2. The Two-Pass Check First, get the answer. Then, use the AI against itself. Ask the bot to act like a harsh critic.
“Pass one gets the output. Pass two is the opposite: the model is forced to think critically about the result. Ask the model to list possible errors, edge cases, and counterarguments. A bit like proofreading with a critical friend.”
3. Triangulate Check the answer against a real book, an official document, or a different website. If two independent checks fail to agree, stop. That disagreement is valuable data.
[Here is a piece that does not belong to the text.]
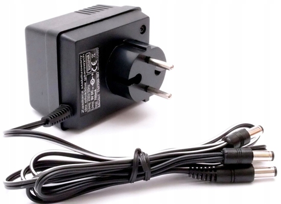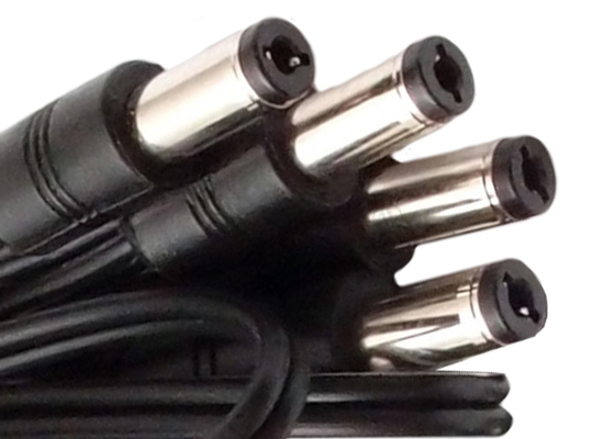 - 4 кабелі зі стандартними роз’ємами 5,5/2,1 мм прямі, стандартний «+» поза роз’ємом, типова полярність для більшості ефектів

Bonus Tip: Southworth also suggests keeping a tiny error log. Record when the AI fooled you and how. Your brain learns by finding patterns, so you might as well learn the right ones.
A Vision for the Future

Harry Southworth wants to change how we see these tools. He doesn’t want AI to be a vending machine that dispenses easy A’s or polished paragraphs. He wants it to be a scaffolding that helps you build your own knowledge.
“I want the next generation to feel less like a vending machine and more like a good tutor who refuses to do your homework for you.”
The goal is to use technology to make us more curious, not more passive. By asking better questions and challenging what the screen tells us, we can keep our human thinking sharp in a world full of robots. We need to build a habit where honesty is the most important feature.